TRY IT
Reproduce each record below in full, word for word, without images.

+ + + + + + +

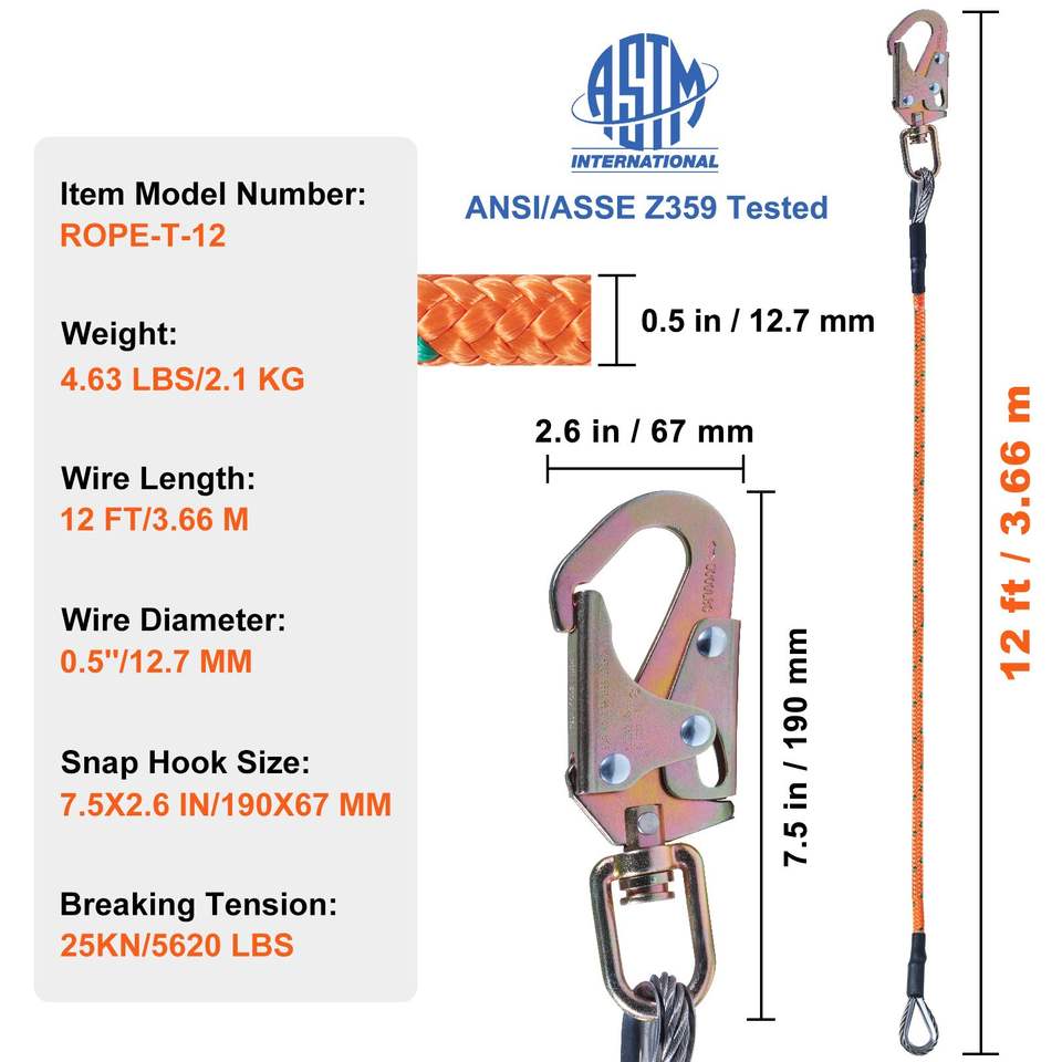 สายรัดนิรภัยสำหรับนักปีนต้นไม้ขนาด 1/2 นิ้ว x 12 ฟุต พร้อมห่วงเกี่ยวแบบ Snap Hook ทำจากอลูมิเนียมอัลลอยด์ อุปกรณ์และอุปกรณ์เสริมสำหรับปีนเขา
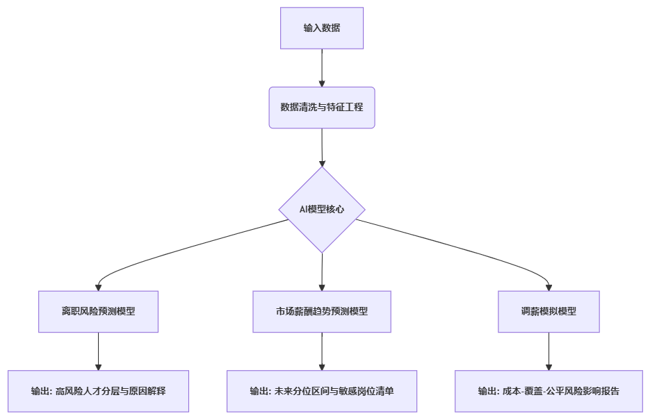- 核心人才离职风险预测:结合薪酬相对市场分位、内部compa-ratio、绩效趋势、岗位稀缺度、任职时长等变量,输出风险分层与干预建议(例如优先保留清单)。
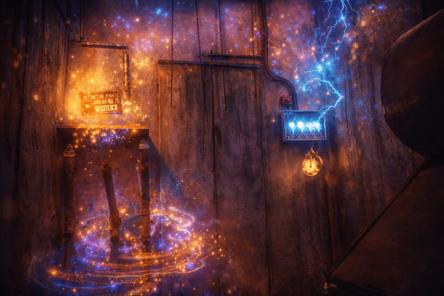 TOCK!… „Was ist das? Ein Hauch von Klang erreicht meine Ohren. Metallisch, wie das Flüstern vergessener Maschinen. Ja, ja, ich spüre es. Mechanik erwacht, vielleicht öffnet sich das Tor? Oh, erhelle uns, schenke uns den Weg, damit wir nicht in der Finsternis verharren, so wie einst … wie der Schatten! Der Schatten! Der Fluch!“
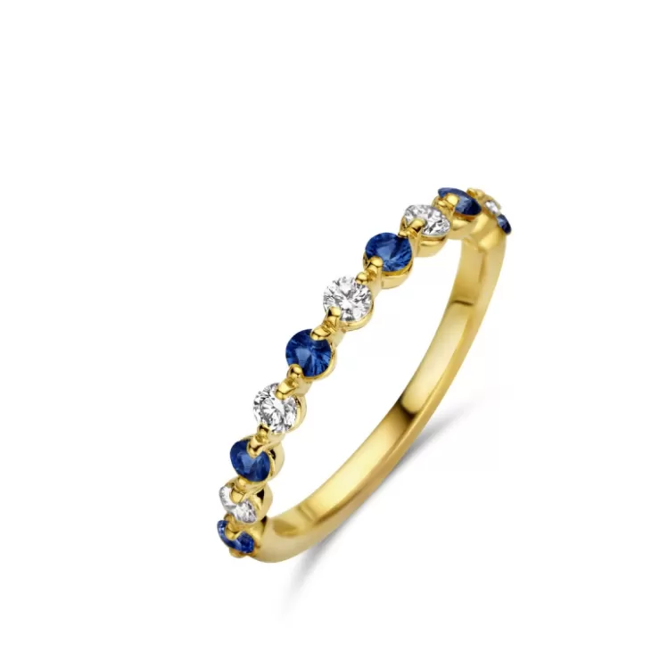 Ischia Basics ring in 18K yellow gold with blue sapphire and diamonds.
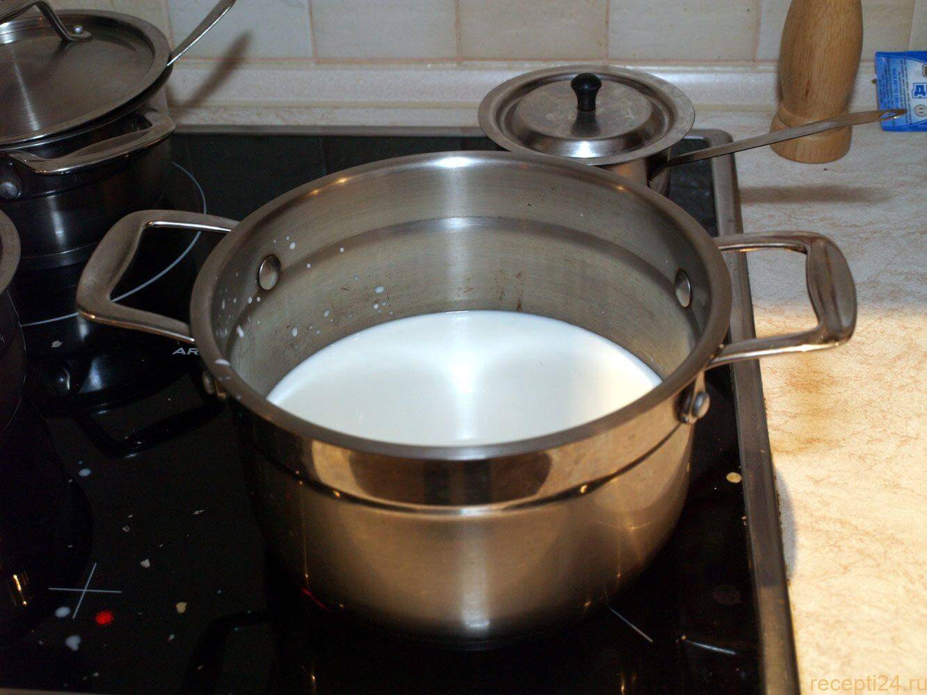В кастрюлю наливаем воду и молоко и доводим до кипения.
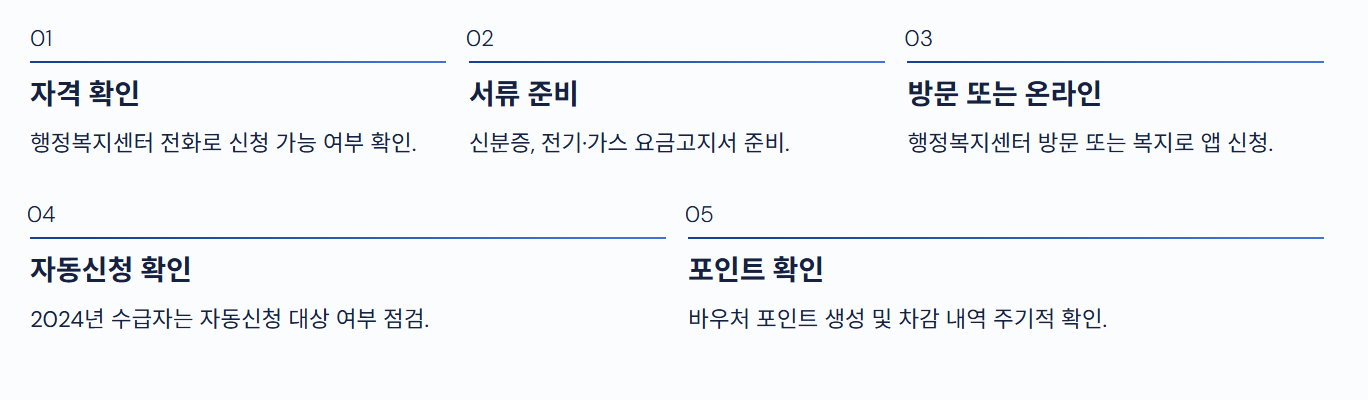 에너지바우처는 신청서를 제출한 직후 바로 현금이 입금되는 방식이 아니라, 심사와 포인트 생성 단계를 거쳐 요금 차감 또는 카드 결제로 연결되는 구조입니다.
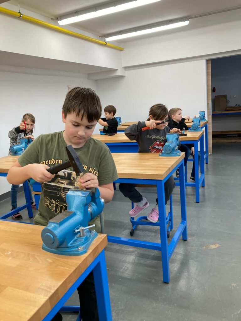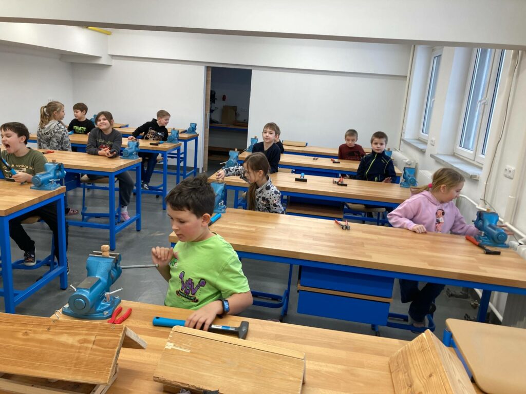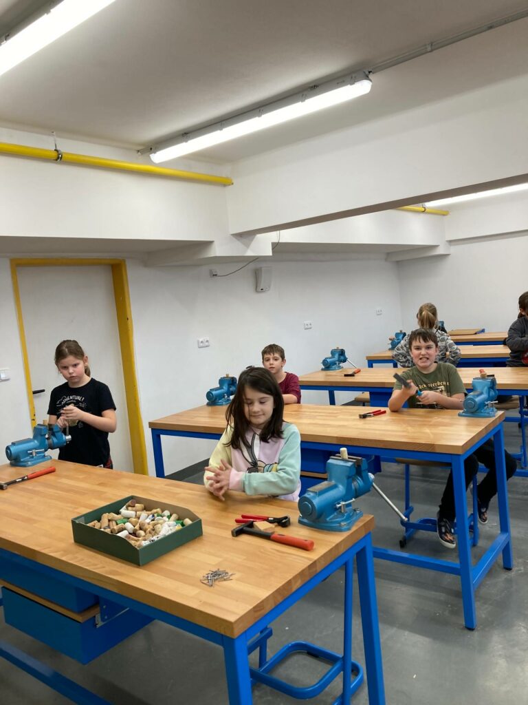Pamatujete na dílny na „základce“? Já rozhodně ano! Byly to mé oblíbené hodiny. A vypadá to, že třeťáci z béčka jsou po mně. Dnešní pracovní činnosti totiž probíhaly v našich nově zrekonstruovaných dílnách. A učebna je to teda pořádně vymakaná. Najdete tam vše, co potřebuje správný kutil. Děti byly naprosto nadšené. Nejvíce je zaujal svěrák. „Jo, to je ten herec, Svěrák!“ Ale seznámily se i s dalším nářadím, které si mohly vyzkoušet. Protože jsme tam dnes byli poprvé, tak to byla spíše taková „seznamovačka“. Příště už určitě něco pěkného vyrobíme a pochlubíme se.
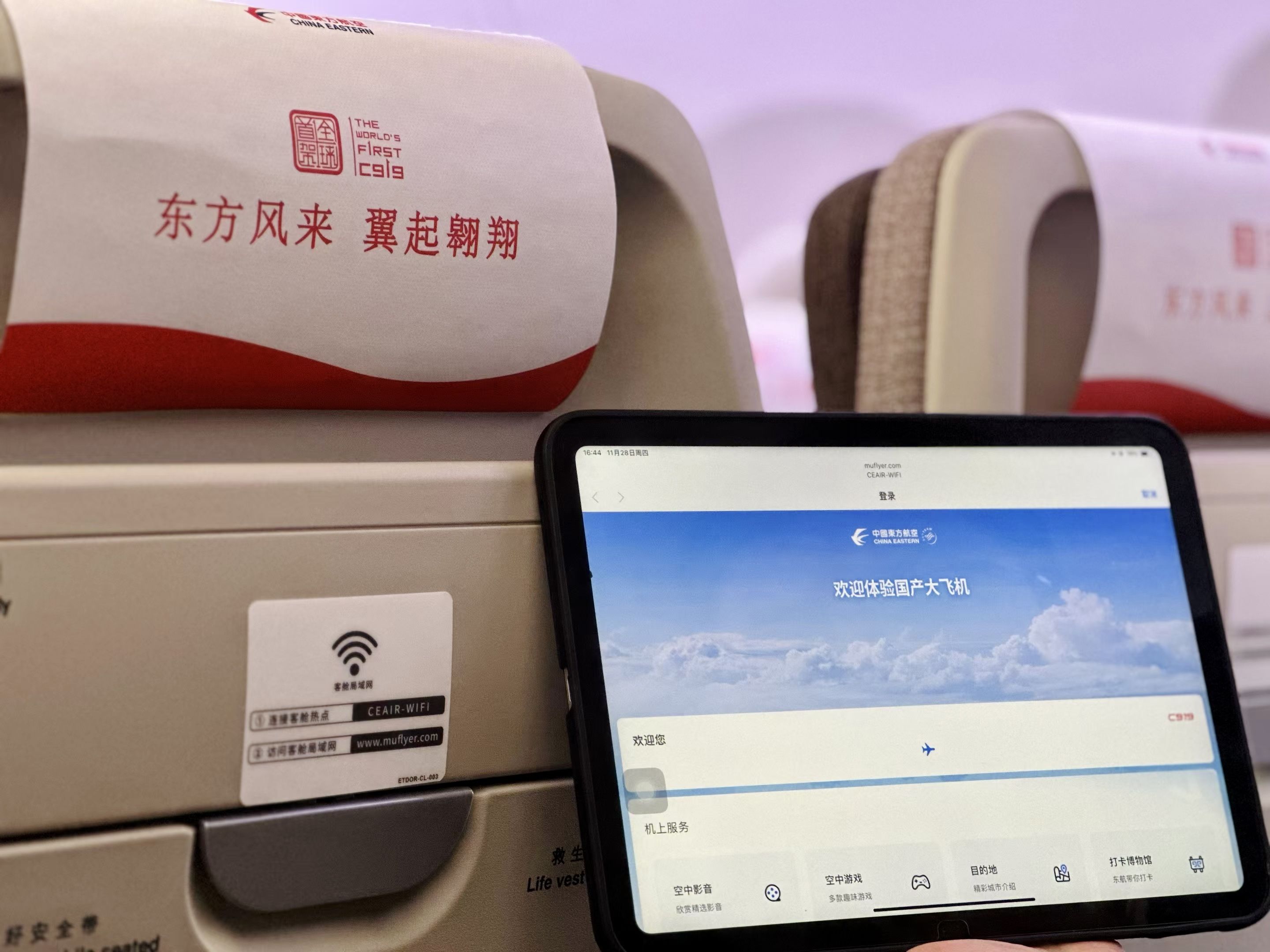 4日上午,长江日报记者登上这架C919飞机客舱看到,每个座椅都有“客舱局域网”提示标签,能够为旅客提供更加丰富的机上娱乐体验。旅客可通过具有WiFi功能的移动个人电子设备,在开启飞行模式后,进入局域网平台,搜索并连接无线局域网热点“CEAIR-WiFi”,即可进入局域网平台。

+ + + + + + +

RESULT OF THE EXERCISE
 สายรัดนิรภัยสำหรับนักปีนต้นไม้ขนาด 1/2 นิ้ว x 12 ฟุต พร้อมห่วงเกี่ยวแบบ Snap Hook ทำจากอลูมิเนียมอัลลอยด์ อุปกรณ์และอุปกรณ์เสริมสำหรับปีนเขา
- 核心人才离职风险预测:结合薪酬相对市场分位、内部compa-ratio、绩效趋势、岗位稀缺度、任职时长等变量,输出风险分层与干预建议(例如优先保留清单)。
 TOCK!… „Was ist das? Ein Hauch von Klang erreicht meine Ohren. Metallisch, wie das Flüstern vergessener Maschinen. Ja, ja, ich spüre es. Mechanik erwacht, vielleicht öffnet sich das Tor? Oh, erhelle uns, schenke uns den Weg, damit wir nicht in der Finsternis verharren, so wie einst … wie der Schatten! Der Schatten! Der Fluch!“
 Ischia Basics ring in 18K yellow gold with blue sapphire and diamonds.
В кастрюлю наливаем воду и молоко и доводим до кипения.
 에너지바우처는 신청서를 제출한 직후 바로 현금이 입금되는 방식이 아니라, 심사와 포인트 생성 단계를 거쳐 요금 차감 또는 카드 결제로 연결되는 구조입니다.
Pamatujete na dílny na „základce“? Já rozhodně ano! Byly to mé oblíbené hodiny. A vypadá to, že třeťáci z béčka jsou po mně. Dnešní pracovní činnosti totiž probíhaly v našich nově zrekonstruovaných dílnách. A učebna je to teda pořádně vymakaná. Najdete tam vše, co potřebuje správný kutil. Děti byly naprosto nadšené. Nejvíce je zaujal svěrák. „Jo, to je ten herec, Svěrák!“ Ale seznámily se i s dalším nářadím, které si mohly vyzkoušet. Protože jsme tam dnes byli poprvé, tak to byla spíše taková „seznamovačka“. Příště už určitě něco pěkného vyrobíme a pochlubíme se.
 4日上午,长江日报记者登上这架C919飞机客舱看到,每个座椅都有“客舱局域网”提示标签,能够为旅客提供更加丰富的机上娱乐体验。旅客可通过具有WiFi功能的移动个人电子设备,在开启飞行模式后,进入局域网平台,搜索并连接无线局域网热点“CEAIR-WiFi”,即可进入局域网平台。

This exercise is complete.